The Company is also directly subject to the requirements of entities that set and interpret accounting standards such as the Financial Accounting Standards Board, and indirectly subject to the actions and interpretations of the Public Company Accounting Oversight Board, which establishes auditing and related professional practice standards for registered public accounting firms and inspects registered firms to assess their compliance with certain laws, rules, and professional standards in public company audits. These regulations, along with existing tax, accounting, securities, and monetary laws, regulations, rules, standards, policies and interpretations, control the methods by which financial institutions and their holding companies conduct business, engage in strategic and tax planning, implement strategic initiatives, and govern financial reporting.

The Company's failure to comply with laws, regulations or policies, including Presidential Executive Orders, could result in civil or criminal sanctions and money penalties by state and federal agencies, and/or reputational damage, which could have an adverse effect on the Company's business, financial condition and results of operations. See "Part I, Item 1. Business - Regulation and Supervision" for more information about the regulations to which the Company is subject.

Other Risks

The Company's ability to pay dividends and repurchase shares is subject to the ability of the Bank to make capital distributions to the Company.
The long-term ability of the Company to pay dividends to its stockholders and repurchase shares is based primarily upon the ability of the Bank to generate sufficient earnings to make capital distributions to the Company and on the availability of cash at the holding company level in the event the Bank's earnings are not sufficient to make capital distributions to the Company. Under certain circumstances, capital distributions from the Bank to the Company may be subject to regulatory approvals.

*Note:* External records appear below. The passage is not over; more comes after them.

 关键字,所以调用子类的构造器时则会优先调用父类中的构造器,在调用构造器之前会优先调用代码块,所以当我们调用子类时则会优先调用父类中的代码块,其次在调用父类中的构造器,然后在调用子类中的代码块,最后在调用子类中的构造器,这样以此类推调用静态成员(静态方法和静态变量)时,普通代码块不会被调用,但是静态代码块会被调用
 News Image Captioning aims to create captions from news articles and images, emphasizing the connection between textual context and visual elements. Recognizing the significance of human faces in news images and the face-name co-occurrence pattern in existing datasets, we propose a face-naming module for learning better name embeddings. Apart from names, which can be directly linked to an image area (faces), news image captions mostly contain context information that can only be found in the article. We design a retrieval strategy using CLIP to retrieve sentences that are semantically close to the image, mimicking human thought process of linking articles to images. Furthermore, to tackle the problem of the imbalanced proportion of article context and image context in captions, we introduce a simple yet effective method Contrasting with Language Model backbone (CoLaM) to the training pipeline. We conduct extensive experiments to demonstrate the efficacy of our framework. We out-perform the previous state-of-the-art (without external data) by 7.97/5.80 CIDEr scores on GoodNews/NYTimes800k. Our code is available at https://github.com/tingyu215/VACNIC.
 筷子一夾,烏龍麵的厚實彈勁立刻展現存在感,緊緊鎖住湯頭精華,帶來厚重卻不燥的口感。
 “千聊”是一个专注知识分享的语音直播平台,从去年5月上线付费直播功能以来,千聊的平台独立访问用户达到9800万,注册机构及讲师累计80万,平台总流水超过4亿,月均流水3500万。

See "Item 1. Business – Regulation and Supervision" for additional information.

The Company values constructive input from stockholders, and our Board of Directors and management team are committed to acting in the best interests of all stockholders. All publicly traded companies face the risk that stockholders may disagree with the composition of the Board of Directors, the Company's strategic direction, or the way the Company is managed and may seek to effect change through various strategies that range from private engagement to public filings, proxy contests, efforts to force transactions not supported by the Board of Directors, and litigation. Responding to these actions may be costly and time-consuming, disrupt the Company's operations and/or divert the attention of the Board of Directors and executive management. Such activities could interfere with the Company's ability to execute its strategic plan and to attract and retain qualified executive leadership, as well as create perceived uncertainty as to the Company's future direction, which could also affect the market price and volatility of the Company's common stock.

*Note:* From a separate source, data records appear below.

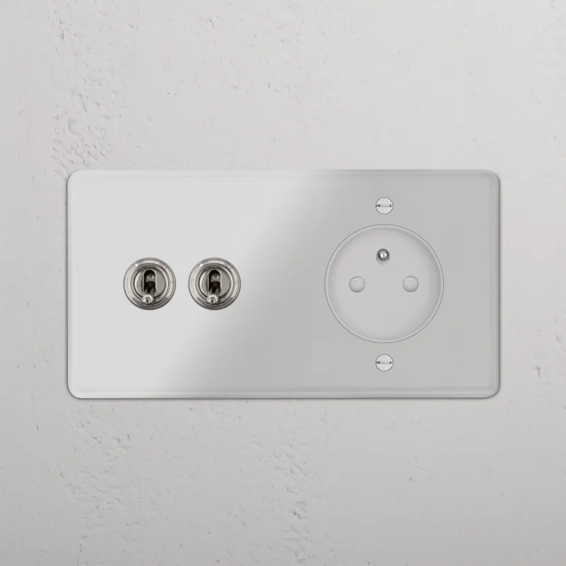 Schlank und schnörkellos: Das ist unser Schalter mit zwei Kipphebeln und einem französischen Modul in Zweifachrahmen. Macht sich neben dem Bett oder in der Küche ganz besonders gut.
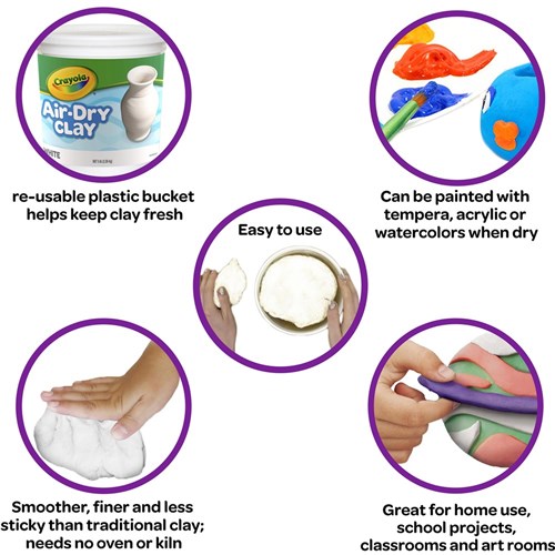 Snap to clean up. Easy to use with traditional modelling techniques. Easy to use clay moulds with water. Air-dry clay is smoother, finer and less sticky than traditional clay. Dry pieces can be painted or varnished. Ideal for teaching basic sculpting techniques. Add a splash of color with Crayola paints.
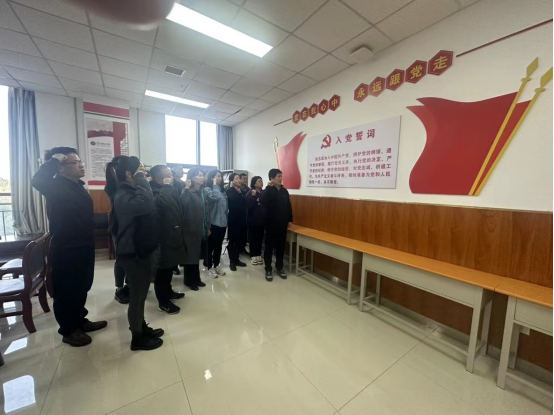 會(huì)后,在支部書(shū)記的帶領(lǐng)下,焦愛(ài)萍和支部黨員一起重溫了入黨誓詞。
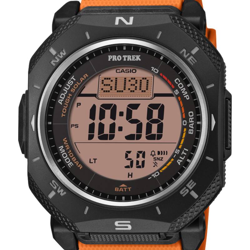 Le cadran de la PRG-69 Climber Line est un modèle de fonctionnalité. Offrant un affichage numérique clair et précis, il présente une excellente visibilité en toutes circonstances grâce à un écran Super Illuminator. Ce cadran multifonctionnel est capable d'afficher la date, le jour, le mois, les heures, les minutes, et les secondes. L'agencement des informations est pensé pour le confort de lecture rapide lors d'activités intenses, comme l'alpinisme ou le trekking.
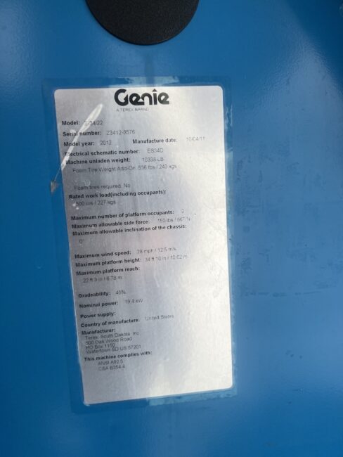 2012 Genie Z34/22- Kubota Diesel Engine, 4X4, Foam Filled Tires, 54” Power Basket, 22’ Platform Reach, 34’ Platform Height, 500lb Lift Capacity, Includes NDT Inspection, 4097.8 Hours, Stock #3368  $38,500
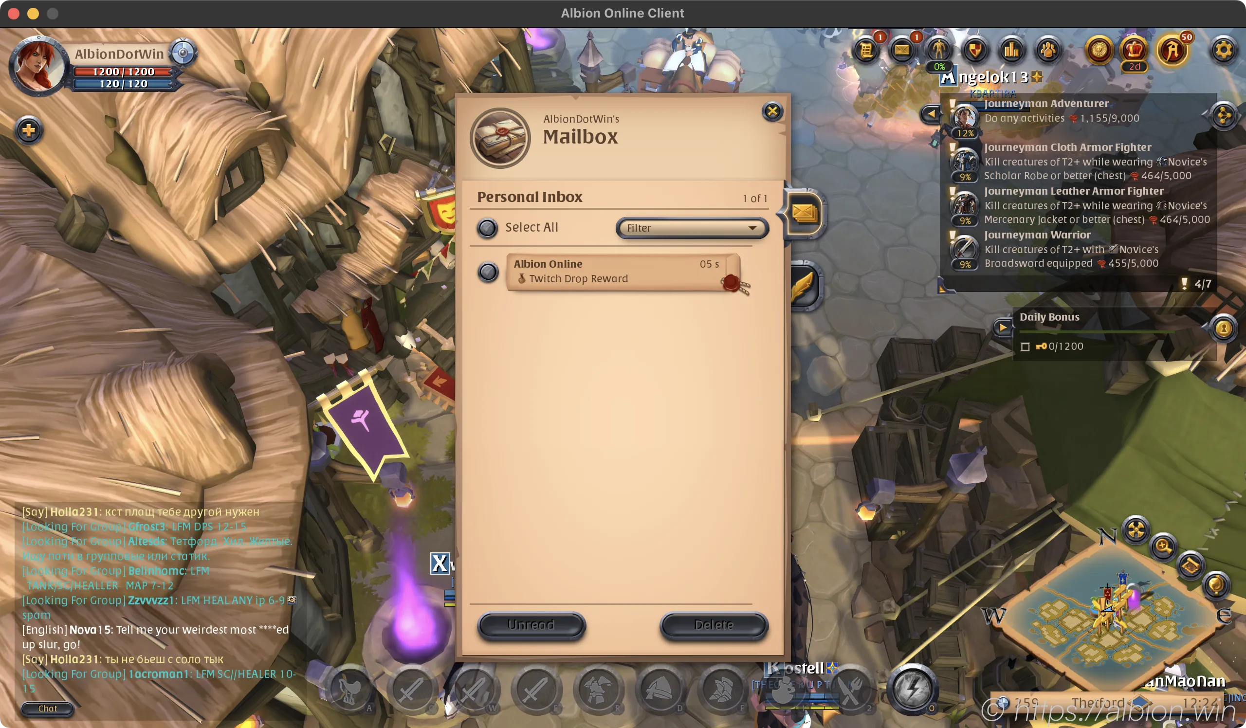 Upon selecting “Claim” in the previous window, you will be directed to your mailbox within the game. Here, you should find a new mail from Albion Online containing your Twitch Drop reward. To open the mail and claim your reward, simply double click on it.
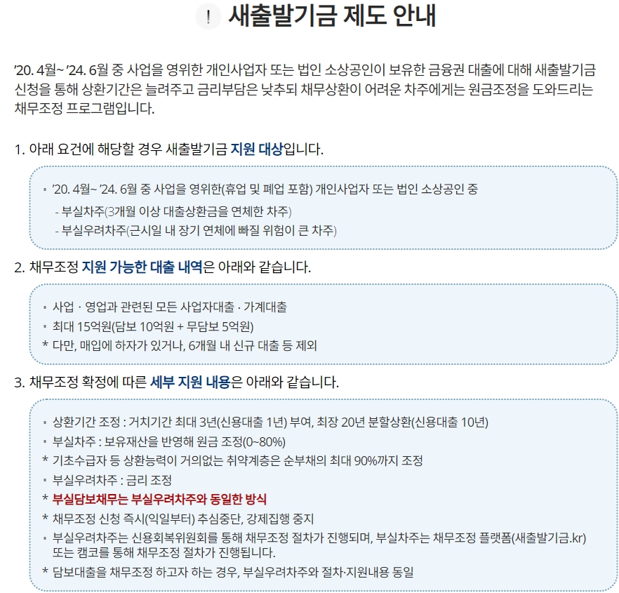 - 이 프로그램은 상환기간을 늘리고 금리부담을 낮추며, 필요한 경우 원금조정도 지원합니다.
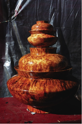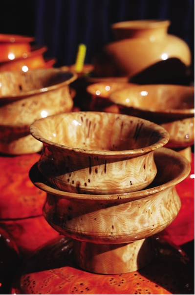 官員們使用的木碗,固然也非常注重外面的金銀寶石包裹,而木碗本身,也有一套非常固定的學(xué)問(wèn),盛開水不裂,摔到地上不會(huì)破,不燙手不冰手,體輕而質(zhì)固,經(jīng)久耐用,可以爺孫相傳。用這種碗盛食,可以完全保持食物原味,吃酥油糌粑等油肉類食品猶為適宜。比之于一般瓷碗,是碗中上品。這種木碗一般都是選用一些稀有雜木的節(jié)或者根雕琢而成,除了材料本身,在加工過(guò)程中的工序也十分重要,必須要加工出來(lái)一些獨(dú)特的花紋,比如磷火紋,或豬鬃紋,或貓頭鷹眼紋等,有這種花紋的碗,就要格外名貴,比如這次普布次仁兄弟所制作的大型核桃木碗,全身均勻地布滿了貓頭鷹眼紋,所以才能賣出這么高的價(jià)格。在西藏很多地區(qū),都流傳著這樣一個(gè)諺語(yǔ):“一只上等木碗等于10頭牦牛?!?/p>
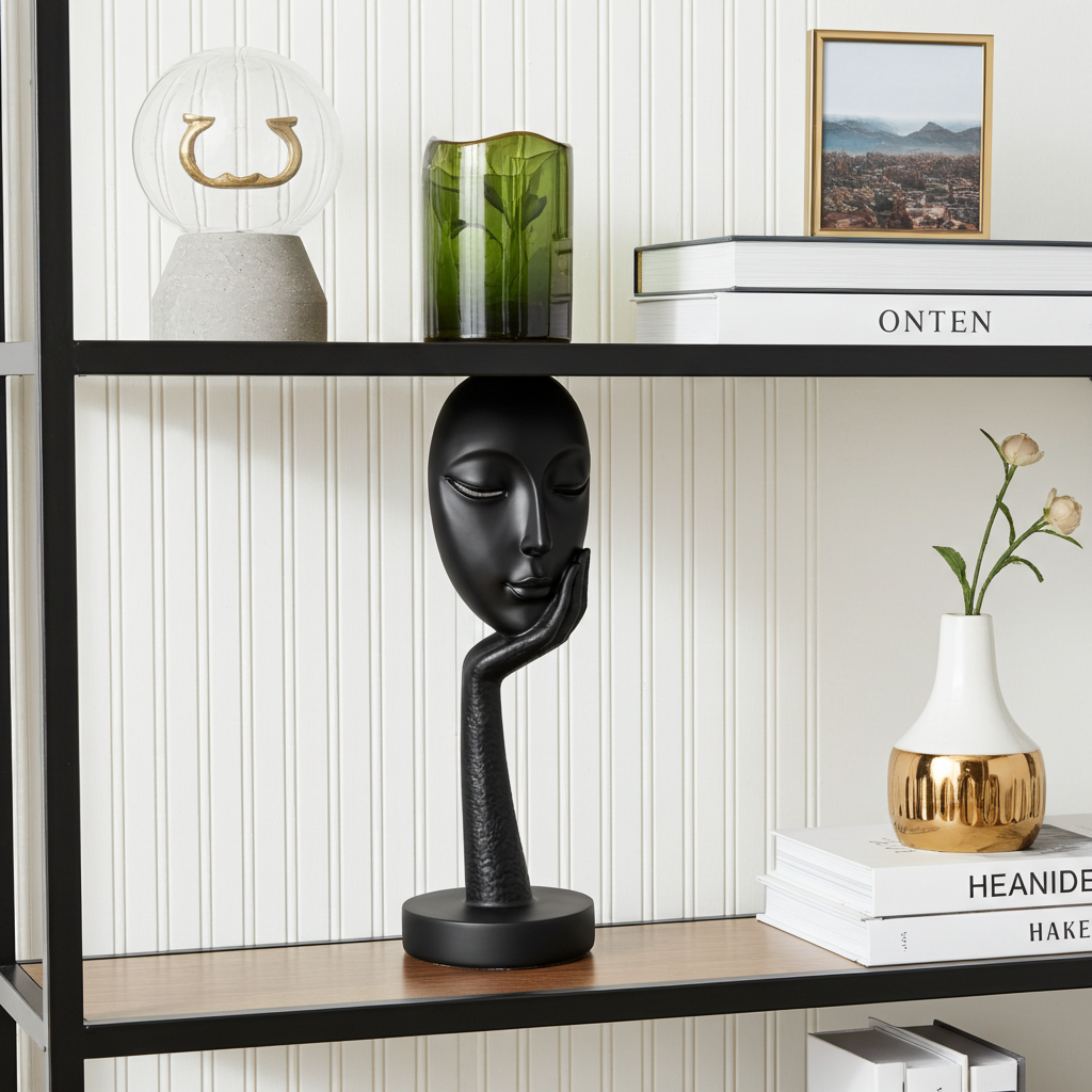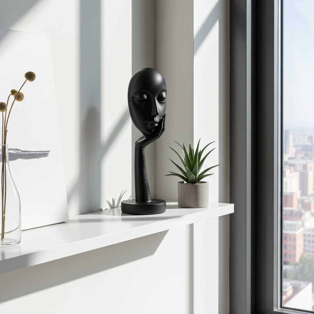 Sculpted entirely in matte black, this piece exudes sophistication and quiet strength. Its minimalist form complements modern and contemporary décor while adding emotional depth to any space. Whether placed on a console, shelf, or work desk, Silent Reflection transforms silence into style.

The Bank's bad debt recapture amount may impact the amount and timing of capital distributions to the Company.
The Bank reported a net loss on its fiscal year 2024 federal tax return due to the sale of securities in October 2023 associated with the securities strategy which resulted in negative current and accumulated earnings and profits for fiscal year 2024. As a result of the negative current and accumulated earnings and profits, capital distributions from the Bank to the holding company during fiscal year 2024 were deemed to be drawn out of the Bank's pre-1988 bad debt reserves and resulted in the recognition of income tax expense based on the amount of the capital distribution multiplied by the then-current Bank income tax rate.The Bank will report a net loss for tax purposes for fiscal year 2024 due to the sale of securities in October 2023 associated with the securities strategy and will therefore have negative current and accumulated earnings and profits for fiscal year 2024. As a result of the negative current and accumulated earnings and profits, capital distributions from the Bank to the holding company during fiscal year 2024 were deemed to be drawn out of the Bank's pre-1988 bad debt reserves and resulted in the recognition of income tax expense based on the amount of the capital distribution multiplied by the then-current Bank income tax rate. This additional tax expense reduced the amount of Bank earnings available to be distributed to the holding company during fiscal year 2024. During the fourth quarter of fiscal year 2025, the Bank reached a point where there was sufficient taxable income to replenish the Bank's tax accumulated earnings and profits to a positive level, allowing the Bank to make distributions to the holding company and not have that distribution subject to the pre-1988 bad debt recapture tax. Due to the Bank's expected continuing positive tax accumulated and earnings profit balance, it is anticipated that the Bank will be in a position to distribute earnings to the holding company during fiscal year 2026. Earnings distributions from the Bank to the
15


holding company will be limited to the extent necessary to prevent the Bank from re-entering a negative accumulated earnings and profit position which would require the payment of the pre-1988 bad debt recapture tax on earnings moved from the Bank to the holding company. See additional discussion regarding the Bank's pre-1988 bad debt recapture in "Part I, Item 1. Business - Taxation" and "Part II, Item 8. Financial Statements and Supplementary Data - Notes to Consolidated Financial Statements - Note 9. Income Taxes".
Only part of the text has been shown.